Exercise ::
Among the entries below, which lines run from the line with "JW Anderson contrasts" through the line with "本组测绘对象为瞿家大院家祠正"? Retype those, both ends included, exactly and without pictures.

[[ Extracted material, beginning ]]

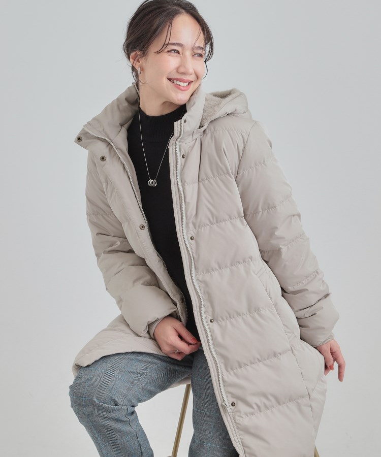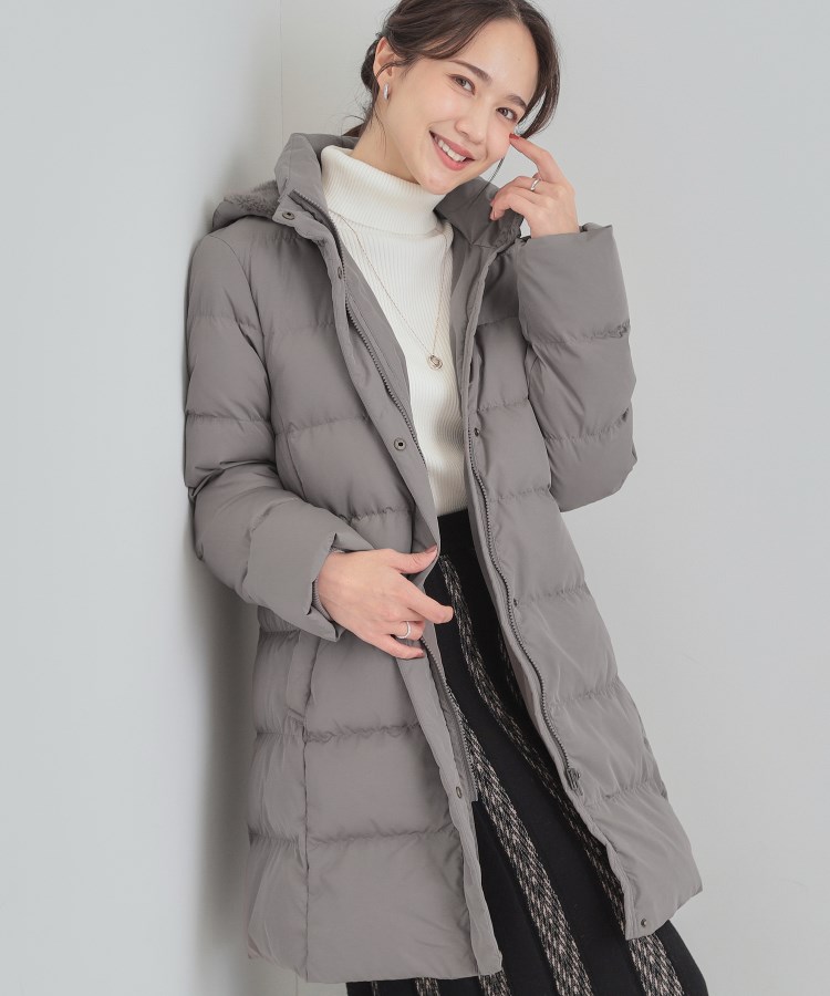 【デザイン】フード裏にフェイクファーをあしらった、上品な見え感のダウンジャケット。ウエスト周りがすっきり見えるように切り替えを入れたシルエットにこだわりました。お袖口は二重になっていて、内側にリブを使用しているので風を通しにくく、防寒対策もばっちり。ポケットの手の甲にあたる部分の裏地にはフリース素材を使用しているので、手を入れた瞬間暖かい、ちょっと嬉しい工夫が施されています。【スタイリング】ヒップがすっぽり隠れる長すぎない着丈なので、どんなボトムにも合わせやすいです。テーパードパンツと合わせるとすっきりとした印象。ワイドパンツ合わせやスカート合わせならより大人っぽい着こなしなど、様々な着こなしをお楽しみいただけます。【素材】CIRCRIC(サーキュリック)はサスティナブル素材のブランドですCIRCRICはワールドグループの商品に使われる、すべてのサスティナブル素材を包括するマテリアルのブランドです。表地は軽量で、少しハリのあるタフタ素材を使用しています。撥水加工が施されており、急な雨でもはじきやすくなっています。※この効果は永久的ではありませんダウン90%、フェザー10%のふんわりと軽いポーランドダウンを使用しております。(寒暖差の激しいポーランド産のダウンは、ダウンボールが大きく保温性があり、美しい白さが魅力です。)750フィルパワーで寒い日にも暖かく着られるダウンコートです。保温性も高くアウトドアやキャンプにもおすすめです。洗濯機洗いOKなのでお手入れも簡単。【ポーランドダックダウンとは】広々とした美しい大自然の中できれいな水と共に育てるため衛生面もよく、気候に極端な寒暖差があることで、より厚い羽毛の層を持ち合わせていることが特徴です。【仕様】・ポケット数:横×2・裏地あり※照明の関係により、実際よりも色味が違って見える場合があります。また、パソコン・スマートフォンなどの環境により、若干製品と画像のカラーが異なる場合もございます。
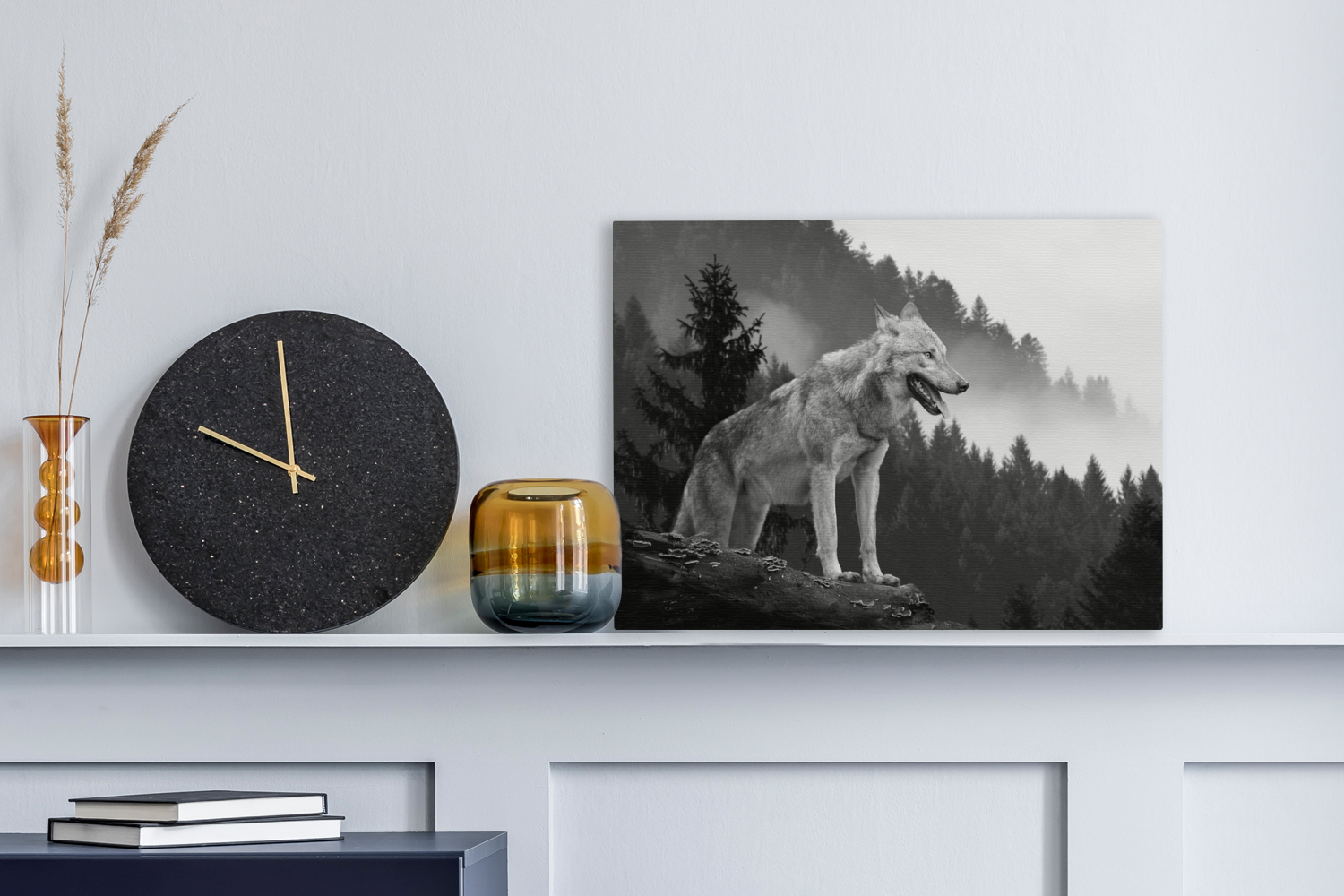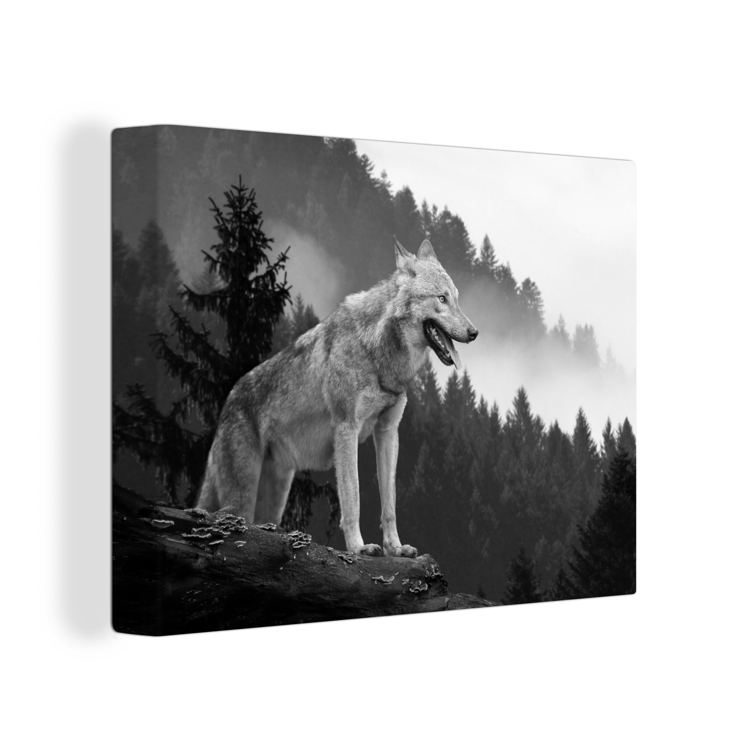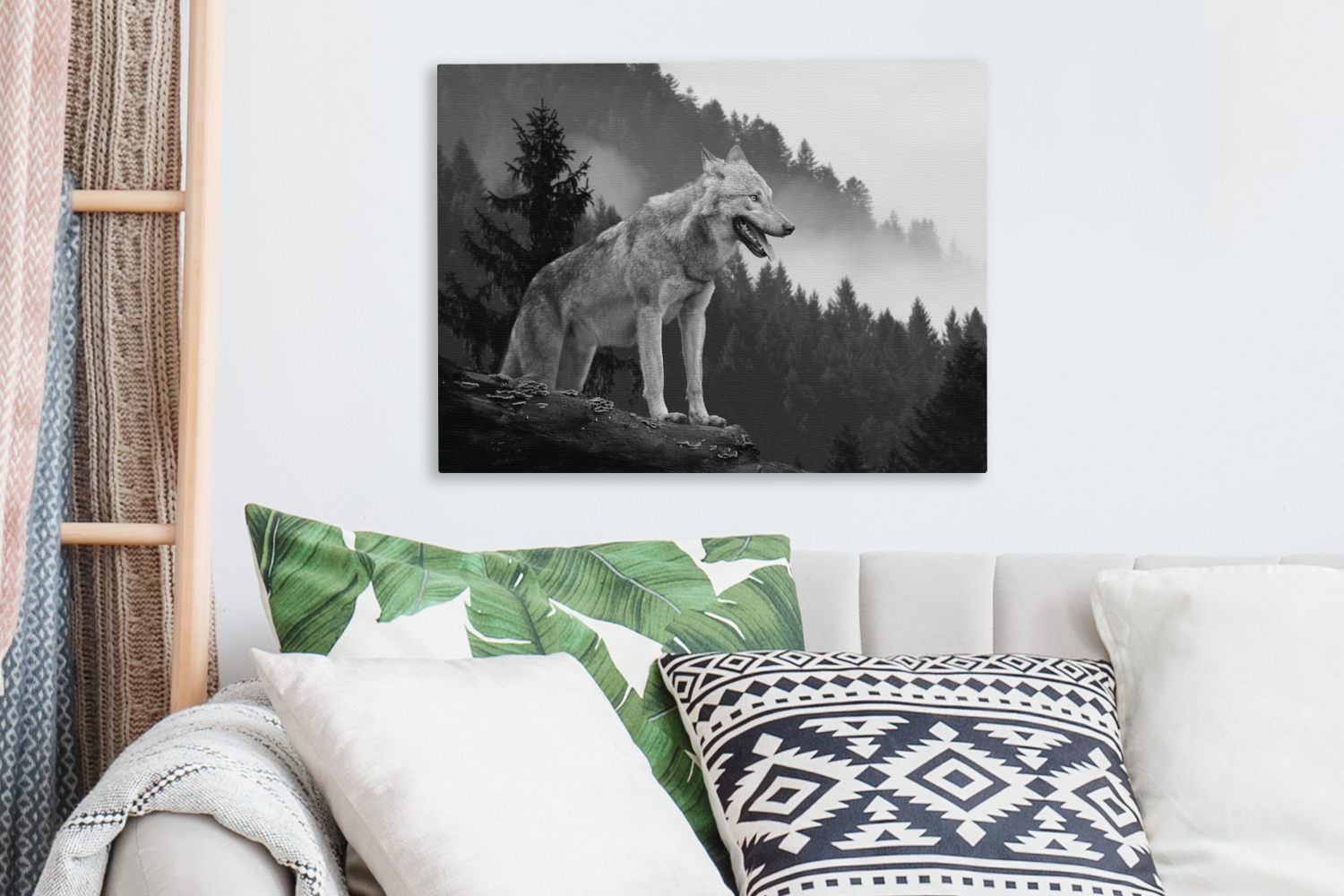 Tableau sur toile Loup - Forêt - Noir - Blanc Decoration murale 40x30 cm
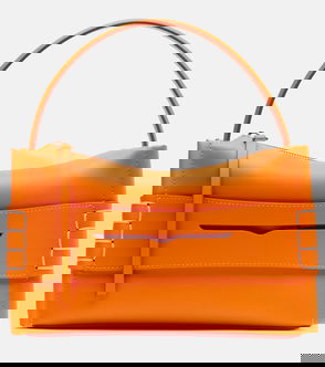 JW Anderson contrasts the striking mustard hue of this felt bag with leather trims and panels in a slate grey shade. Constructed to a classic flap-front design, this mid-sized accessory also bears the label’s signature anchor logo plaque at the front.
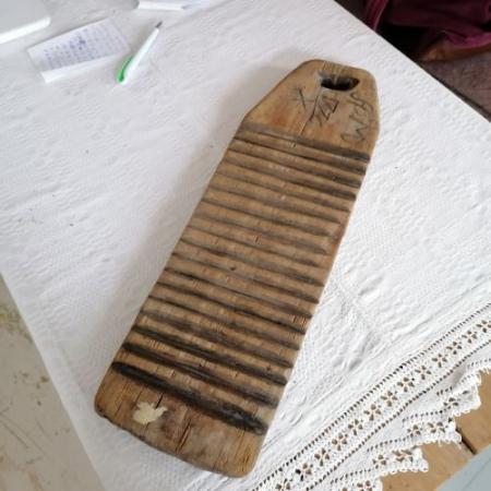 Valkbräde av trä. Skuren ur ett stycke trä. ANvändes vid valkning av ylletyger. Bomärket tillhör Lassela. DAterat 1776.
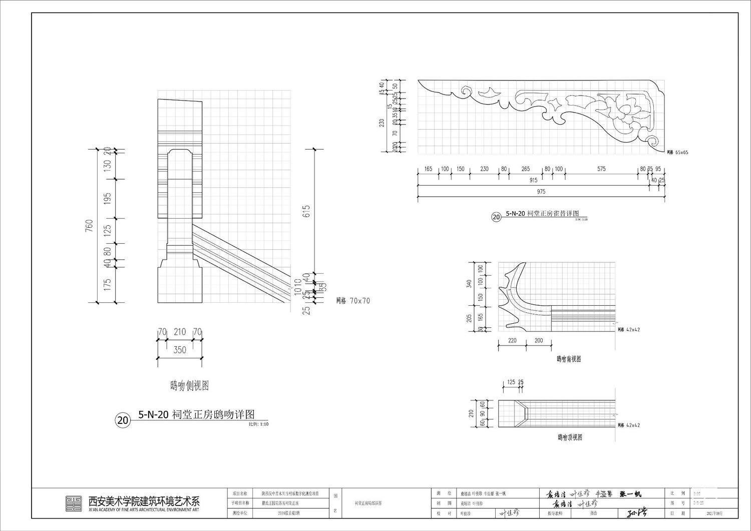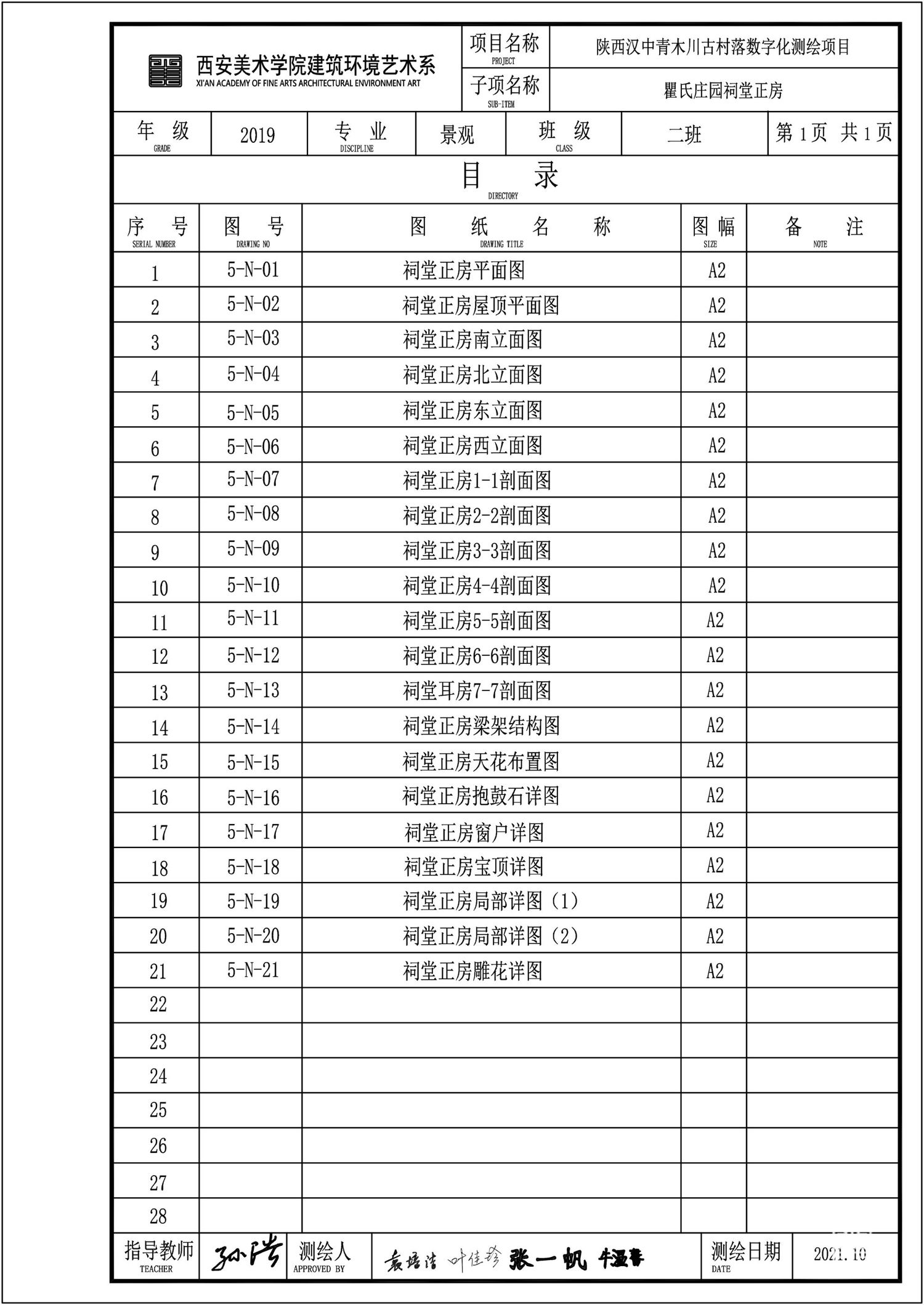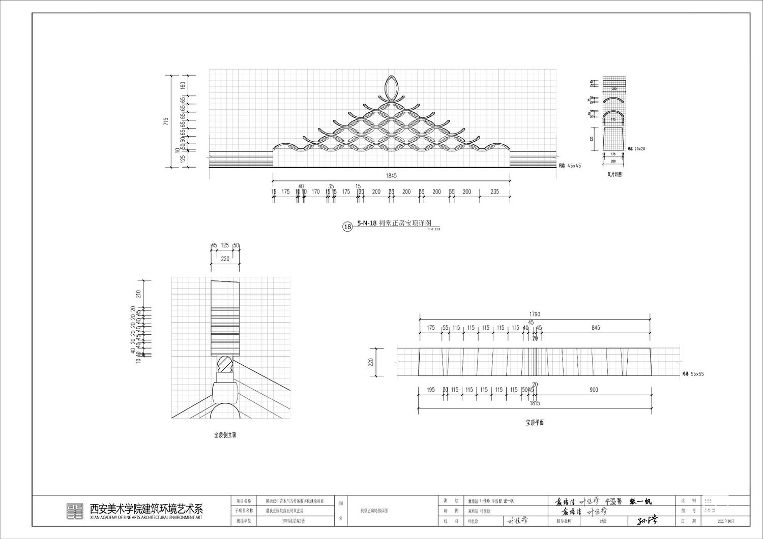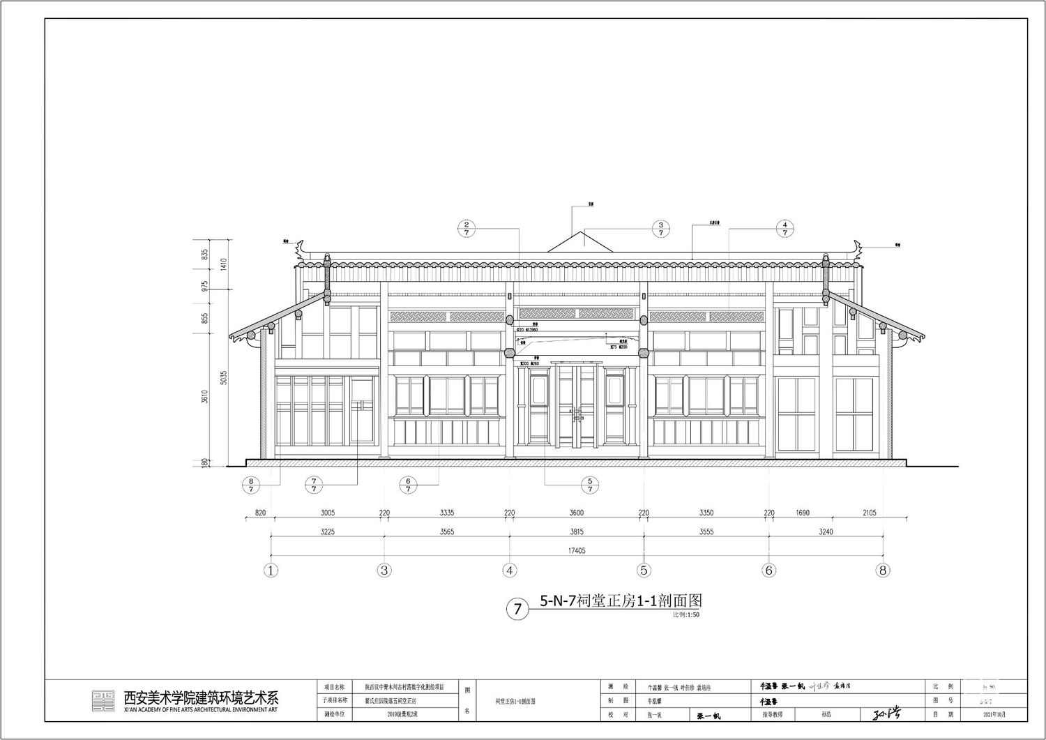 本组测绘对象为瞿家大院家祠正堂,祠堂,是儒家祭祀祖先或先贤的场所。祠堂有多种用途,主要用于祭祀祖先。同时也作为各房子孙办理婚、丧、寿、喜等事件的场所。族亲们有时为了商议族内的重要事务,也常在祠堂进行。在测绘过程中,通过实地测量与计算机辅助设计软件图纸的绘制,运用传统测量学知识、su软件,outocad计算机软件、实体模型制作等,了解到传统建筑文化与生活的关系,提高了审美修养、理论修养、测绘能力及建筑空间认知,增强知识储备技能提高团队协作能力,同时加强了CAD等计算机软件的绘图能力。本次课程使我们更加详细的了解了古建知识,增强了古建保护意识与文化自信,体验建筑空间感,材料运用,建筑尺度感等将理论联系实际,了解古代建筑建造常用方法与手段,为将来解决实际问题打下良好基础,具有深远的教育意义。
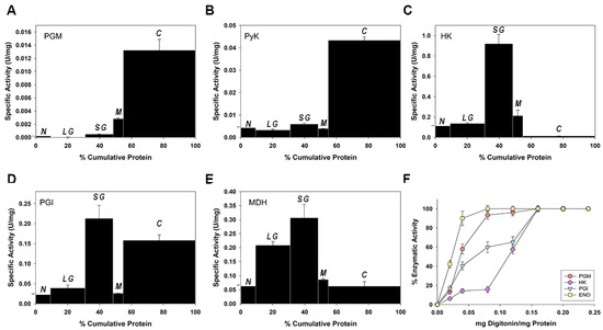 Subcellular localization of PGM activity in Trypanosoma cruzi epimastigotes. Panels A–E: differential centrifugation of a homogenate of T. cruzi epimastigotes. Fractions are plotted according to their isolation order, from left to right: N, nuclear; LG, large granular; SG, small granular; M, microsomal; and C, cytosol. (A) PGM, (B) PyR, (C) HK, (D) PGI, (E) MDH. Panel (F): partial permeabilization with digitonin of T. cruzi epimastigotes. The means and SD were calculated with three independent experiments.
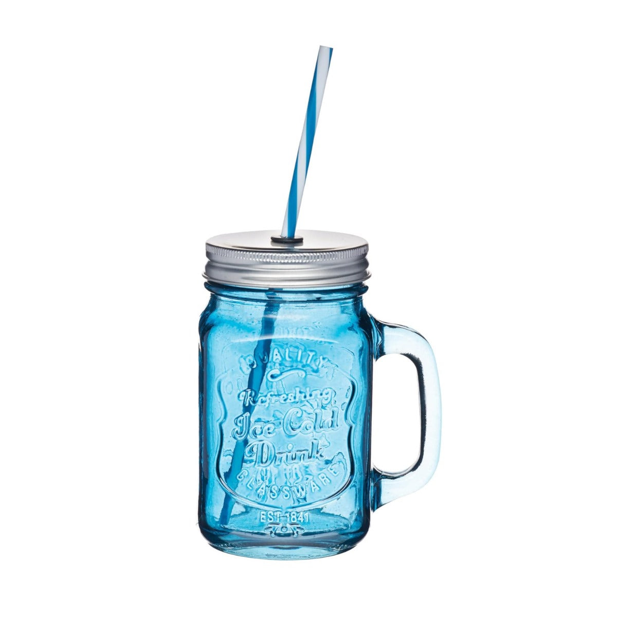 KitchenCraft Coloured Glass Drinks Mason Jar with Straw - Blue
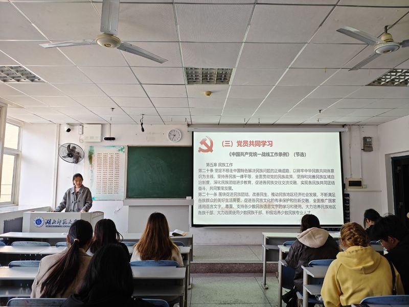 政治理论学习环节,学生党员程玥同志、学生党员彭翡同志、学生党员王颖同志领学“坚定不移走中国特色道路,正确对待民族宗教问题”主题内容。她们指出,作为学生党员,熟悉和掌握党的民族宗教政策,对于加强民族团结、反对民族分裂、认清民族分裂和非法宗教活动危害具有重要性和必要性;要充分理解和掌握这些知识,增强明辨是非的能力和依法运用政策解决民族宗教问题的能力;正确认识与对待民族、宗教问题,强化促进民族平等团结的责任与意识,准确把握宗教信仰自由政策,自觉抵御非法传教活动,为贯彻民族宗教政策做贡献,为全面社会主义现代化建设注入强劲动能。
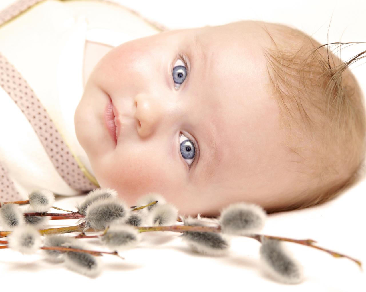 Обои Маленький голубоглазый ребенок с веткой вербы

[[ Extracted material, end ]]

Result for this exercise ::
 JW Anderson contrasts the striking mustard hue of this felt bag with leather trims and panels in a slate grey shade. Constructed to a classic flap-front design, this mid-sized accessory also bears the label’s signature anchor logo plaque at the front.
 Valkbräde av trä. Skuren ur ett stycke trä. ANvändes vid valkning av ylletyger. Bomärket tillhör Lassela. DAterat 1776.
 本组测绘对象为瞿家大院家祠正堂,祠堂,是儒家祭祀祖先或先贤的场所。祠堂有多种用途,主要用于祭祀祖先。同时也作为各房子孙办理婚、丧、寿、喜等事件的场所。族亲们有时为了商议族内的重要事务,也常在祠堂进行。在测绘过程中,通过实地测量与计算机辅助设计软件图纸的绘制,运用传统测量学知识、su软件,outocad计算机软件、实体模型制作等,了解到传统建筑文化与生活的关系,提高了审美修养、理论修养、测绘能力及建筑空间认知,增强知识储备技能提高团队协作能力,同时加强了CAD等计算机软件的绘图能力。本次课程使我们更加详细的了解了古建知识,增强了古建保护意识与文化自信,体验建筑空间感,材料运用,建筑尺度感等将理论联系实际,了解古代建筑建造常用方法与手段,为将来解决实际问题打下良好基础,具有深远的教育意义。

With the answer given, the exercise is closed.